In general, you should treat attestations as append-only records. Instead of mutating history, systems typically:
Revoke attestations
Issue a superseding attestation
Attach dispute or correction attestations under defined rules
The correct approach depends on your governance and audit requirements. For operational guidance, see Governance & Operations.
What networks and runtimes are supported?
Network support evolves over time and depends on deployment and operational requirements.
For the authoritative list, see:
How is Sign Protocol different from EAS?
EAS is commonly used in EVM environments and is tightly shaped by the EVM execution and data model.
Sign Protocol is designed as an attestation and evidence layer that can be deployed across multiple environments and can support different storage, privacy, and verification models. The practical differences typically show up in interoperability, data-location strategies, and how the protocol integrates with non-EVM systems.
If you are choosing between the two, decide based on your target environments, verification requirements, and long-term governance constraints.
TokenTable and EthSign
What is TokenTable?
TokenTable is a product for capital allocation and distribution workflows. It is typically used where eligibility, allocation rules, controlled distribution, and reporting requirements must be implemented as an auditable system.
See TokenTable.
What is EthSign?
EthSign is a product for agreements and signatures, designed to support institutional workflows where execution, authorization, and evidence must be captured reliably.
See EthSign.
Do TokenTable and EthSign require Sign Protocol?
Not strictly. They can be used as standalone products, depending on deployment architecture.
In sovereign or regulated deployments, the common pattern is that agreements, allocations, and program operations benefit from a shared evidence layer so that verification and audit do not have to be rebuilt per application.

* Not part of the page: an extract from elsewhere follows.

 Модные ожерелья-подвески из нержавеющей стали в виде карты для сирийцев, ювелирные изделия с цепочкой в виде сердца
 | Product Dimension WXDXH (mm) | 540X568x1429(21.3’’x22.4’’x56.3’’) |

Contributions and community
Do you accept public contributions?
Yes. Contributions are welcome where they improve correctness, security posture, developer experience, and integration quality.
Typical contribution paths include:
Documentation fixes and clarifications
Bug reports and reproducible test cases
Pull requests to relevant repositories, where applicable
Follow the repository contribution guidelines for coding standards and review expectations.

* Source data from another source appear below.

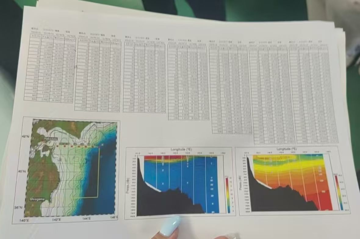 访学第五天,二组成员与来自北海道大学的学生登上了“おしゅう丸”,开展渔业资源调查实习。在海洋科考环节,访学团第一次近距离接触到了CTD检测仪。夜幕降临,同学们体验了海钓。船员将钓上来的鱿鱼做成刺身,清甜鲜嫩的味蕾盛宴是大海的馈赠。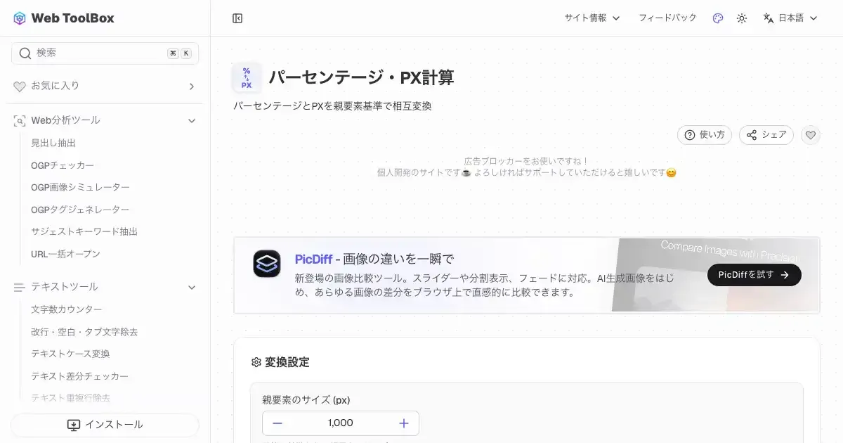 パーセンテージ・PX計算 (web-toolbox.dev)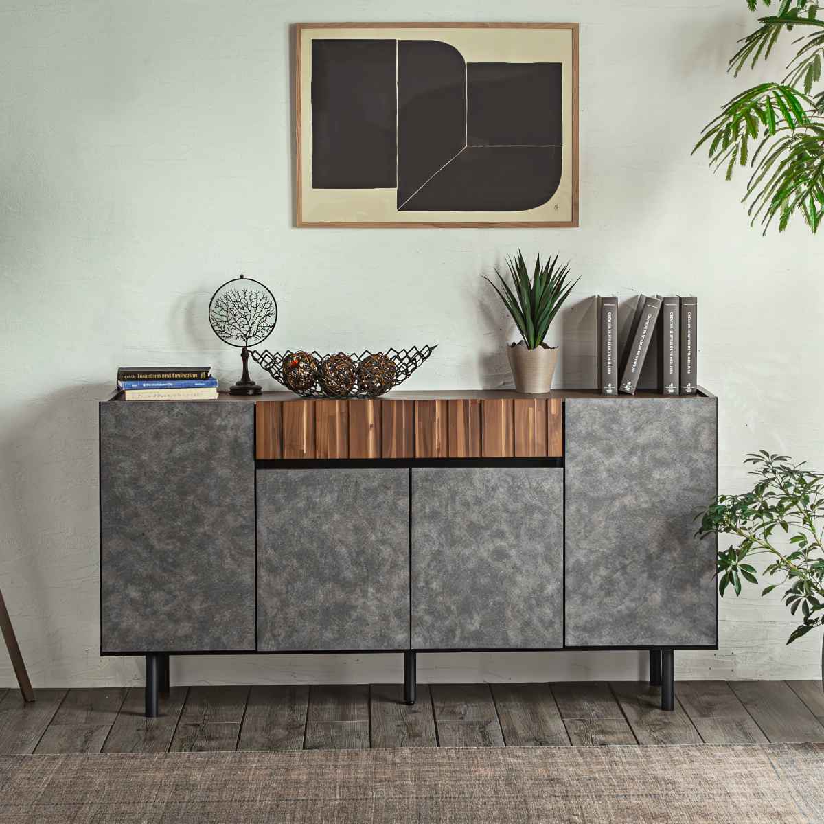■サイドボード コンクリート調 アカシア材 モダンデザイン 幅150cm ( リビングボード 棚 ラック 収納 家具 日本製 完成品 食器棚 飾り棚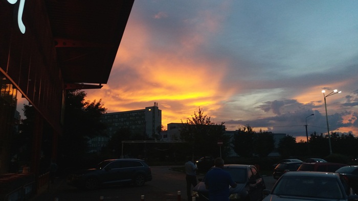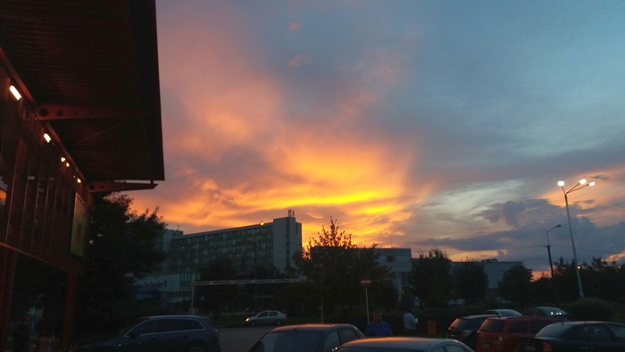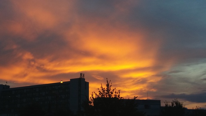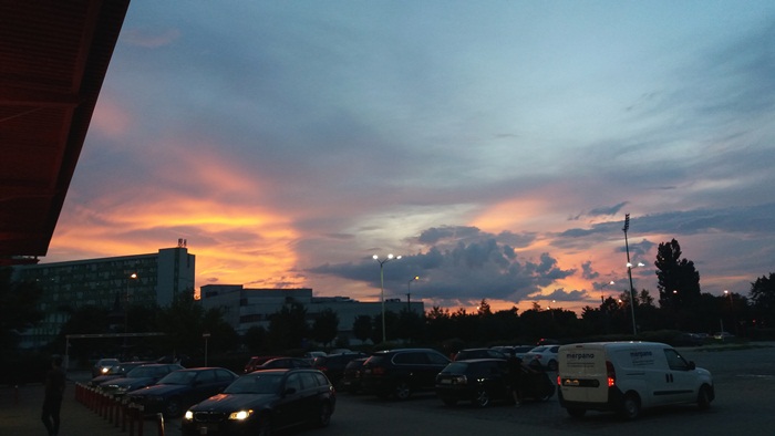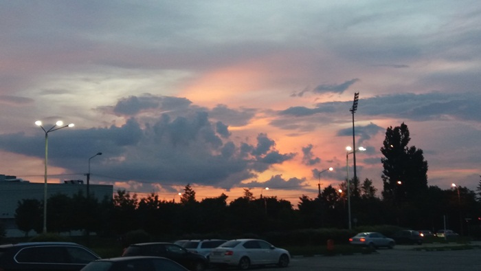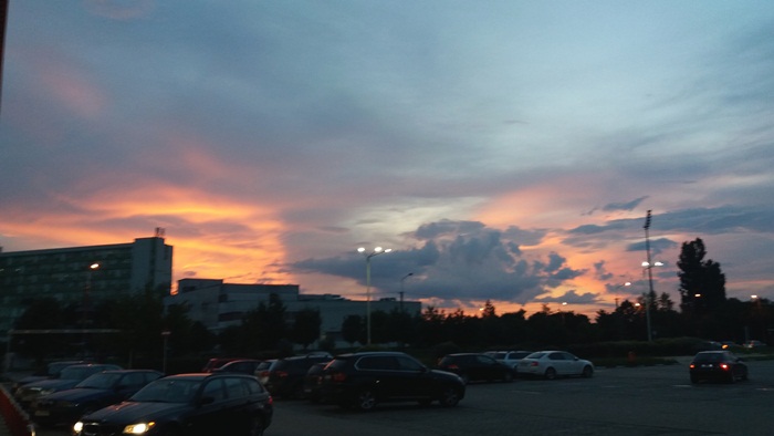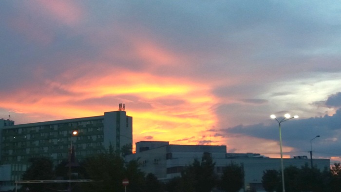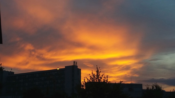 Apusul de soare a colorat cerul Timisoarei si a luminat norii ce se imprastiau dupa ce au dezlantuit pret de doua ore ploaia peste oras. Cerul parea ca a luat pur si simplu foc.

How do I report a security issue?
Do not disclose sensitive vulnerabilities in public issue trackers.
Use the security reporting process defined by the project. If a dedicated security contact is not listed in the repository, start with the organization contact method provided in the documentation site or the repository metadata, and request secure disclosure instructions.
Also review:
Where should I ask questions or send feedback?
Use the most appropriate channel for the type of request:
Documentation issues: open an issue or pull request in the relevant repository
Developer support: use the community or developer channels referenced by the project
Product and deployment discussions: use the contact paths intended for institutional engagements
When possible, include environment details, expected behavior, actual behavior, and minimal reproduction steps.